I choose to exclusively breastfeed him, and while breastfeeding is something you can learn in theory, the experience supplies a million things no book or consultant ever could. My three sisters breastfed their babies with no problem, and I anticipated the same experience. He would latch on feircely( picture your toes being pulled through your breasts), but need to be on the breast for HOURS. He hardly wet or had a BM, and after 4 days he was down to one wet diaper a day. The staff at the hospital felt this was normal and discharged us. The first day home his eyes had fallen into the sockets, ,his color was grey and he was crying nonstop. I called the doctors and they told me to bring him to the ER. He was dehydrated and reccived IV fluids. I was tested and found that my body does not have the hormone required to produce milk, so I was starving my son for the first 5 days of his life. This fact brought on a whole new form of body hatered. I felt like I had the word fail written on my forhead.

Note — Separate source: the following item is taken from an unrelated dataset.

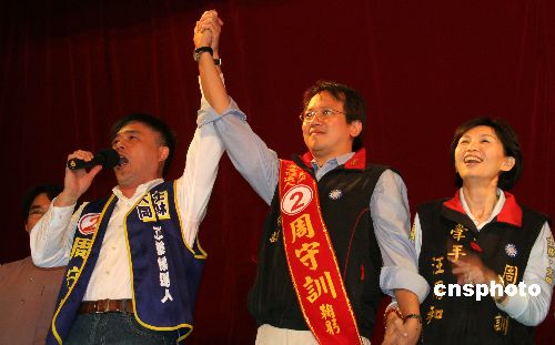 一月十日晚,臺北市市長郝龍斌參加“立委”候選人周守訓(xùn)拉票造勢晚會,為周參選站臺、打氣。臺灣“立委”選舉在即,選戰(zhàn)已進入白熱化。中新社發(fā) 孫自法 攝

Things then fell into somewhat normal for a time, and I struggled with the challenge of building back my body strength after all that bedrest and c section birth, being a new mom to a very active, bright little boy and my husband in training for the Deaconate. It was a red letter day if I got to shower and eat lukewarm food ! At 7 months Nick developed a serious ear infection, and that began an edless parade of doctor visits for the ear infection that would not quit. Then came the normal baby immunizations, and suddenly the bright boy on project head start was gone. What was left was something that had numerous problems that just were not what the books list as the normal baby things. By the time he was 4, I was totally fed up with the medical community and decided to part company with them. Shortly afterwords I learned the word Autisim and my son had met and become one. This was the final straw in my self esteem. Not only couldn't I do what an insect could do( get pregnant and nurture it's own young), but anything I touched in that vein turned to shit.Then I had a series of very early miscarriages, and I felt like I was the reincarnation Lucretia Borja. At that time I got this weird idea that if I made enough food in really good flavors, it would make it all better. If I made enough bread, sweet rolls and homemade pasta, I could make all of this go away. If I could cook and can massive amounts of food to over nurture my family, it would not matter that my body could not do so in other ways.

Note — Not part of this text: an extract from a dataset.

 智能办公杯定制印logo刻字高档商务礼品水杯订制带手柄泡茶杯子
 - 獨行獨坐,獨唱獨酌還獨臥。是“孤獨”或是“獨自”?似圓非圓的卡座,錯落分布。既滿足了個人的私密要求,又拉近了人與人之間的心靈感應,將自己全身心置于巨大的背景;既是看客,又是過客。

It didn't. It only packed on pounds and problems.

Now, as we deal with diet and supplements and exercise, I keep bumping up against my thoughts from that experience, as if it is finally time to take them out and heal. And heal I shall. I have learned that smothering is not the same thing as feeding, and quantity does not replace quality. Quality can get buried in quantity very easily. And rather than see myself as a failure because of my maternal experiences, I am begining to see that I am pretty Damned good. God does not give you more than you can handle, and if He belives I am up to this challenge because I have the skills, who am I to argue with that ?

1 comment:

Marisa @Loser for Life said...

Wow, that is a heart wrenching story. I am sending you bear hugs as I am reading this post. I am so proud of you for being able to release all this and start on the road to healing. You are a very strong and wonderful mother!